Forest Call this week looks at how the industry is dealing with the issue of forest debris flows from the massive storms at Tolaga Bay and Takaka earlier this year.

2 posts.

Post from Dean Satchell on October 3, 2018 at 2:48PM

For a comprehensive growers levy-funded report on tree species for steep slopes see Trees for steep slopes.

There may be opportunities to diversify into specialty timbers planted on red zone slopes, especially where managed as a permanent canopy.

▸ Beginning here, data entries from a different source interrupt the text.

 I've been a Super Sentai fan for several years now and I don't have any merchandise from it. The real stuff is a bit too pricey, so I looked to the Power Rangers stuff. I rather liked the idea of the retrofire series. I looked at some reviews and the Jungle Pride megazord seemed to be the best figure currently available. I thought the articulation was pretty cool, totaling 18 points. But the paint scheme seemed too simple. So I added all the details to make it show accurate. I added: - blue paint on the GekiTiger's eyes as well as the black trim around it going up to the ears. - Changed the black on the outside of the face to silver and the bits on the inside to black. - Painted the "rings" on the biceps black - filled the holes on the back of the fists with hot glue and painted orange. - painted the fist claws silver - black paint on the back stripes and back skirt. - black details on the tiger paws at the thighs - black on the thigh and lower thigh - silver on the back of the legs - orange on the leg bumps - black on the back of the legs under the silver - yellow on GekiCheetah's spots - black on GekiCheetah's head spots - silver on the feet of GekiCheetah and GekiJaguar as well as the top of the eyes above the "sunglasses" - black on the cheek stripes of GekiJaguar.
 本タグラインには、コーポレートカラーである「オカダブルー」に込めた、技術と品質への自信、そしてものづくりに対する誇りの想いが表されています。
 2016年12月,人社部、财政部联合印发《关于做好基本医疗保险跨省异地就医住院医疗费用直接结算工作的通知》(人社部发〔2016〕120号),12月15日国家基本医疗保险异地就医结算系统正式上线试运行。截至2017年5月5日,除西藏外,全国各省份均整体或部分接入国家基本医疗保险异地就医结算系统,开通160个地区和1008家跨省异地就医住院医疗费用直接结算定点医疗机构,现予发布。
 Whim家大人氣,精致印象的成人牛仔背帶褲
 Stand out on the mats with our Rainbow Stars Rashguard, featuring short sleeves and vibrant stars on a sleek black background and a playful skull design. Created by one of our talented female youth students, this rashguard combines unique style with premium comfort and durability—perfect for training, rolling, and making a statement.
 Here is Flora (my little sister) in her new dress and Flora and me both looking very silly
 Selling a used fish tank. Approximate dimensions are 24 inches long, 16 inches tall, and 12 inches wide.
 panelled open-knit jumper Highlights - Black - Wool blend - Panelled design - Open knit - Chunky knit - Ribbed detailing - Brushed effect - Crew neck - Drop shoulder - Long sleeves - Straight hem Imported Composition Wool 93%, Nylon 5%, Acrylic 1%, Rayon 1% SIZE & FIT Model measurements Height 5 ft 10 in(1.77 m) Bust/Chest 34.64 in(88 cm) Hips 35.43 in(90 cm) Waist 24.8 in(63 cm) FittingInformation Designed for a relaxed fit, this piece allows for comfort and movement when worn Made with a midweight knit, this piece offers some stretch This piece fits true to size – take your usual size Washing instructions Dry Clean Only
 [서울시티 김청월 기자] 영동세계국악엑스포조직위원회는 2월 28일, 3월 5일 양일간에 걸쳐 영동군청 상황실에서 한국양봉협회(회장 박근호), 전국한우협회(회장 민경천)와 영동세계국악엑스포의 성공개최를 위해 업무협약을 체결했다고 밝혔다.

Post from Dean Satchell on October 3, 2018 at 4:10PM

  1. I don't agree with Andy Karulus that the effects of windthrow on economic value make it imperative to harvest early on separation point granite. No operation should have any issues with extracting windthrown areas given the clear need for continued harvesting and replanting over time, with some stands growing for up to 35 years, i.e. manage the area that is clearfelled at any one time over the whole catchment. Early harvesting is way more risky in terms of debris flows and erosion (window of vulnerability increases), is he talking about economic risk without considering environmental consequence?
  2. I don't agree with John Webster that residue "has no value" and therefore all residue is "unmerchantable'. It's time to get over that notion and supply biomass into alternative markets such as activated charcoal, animal bedding and biofuel. This is a no-brainer and there should be an industry standard that specifies maximum residue levels left on or adjacent to landings, even if the land were relatively "stable".
  3. I think that David Rhodes should have explained why the "core of the forest" should be radiata pine beyond "cos you still need to have that rotation and keeping guys employed etc". The rationale needs to be clearer given that alternative species potentially produce greater returns and better environmental outcomes.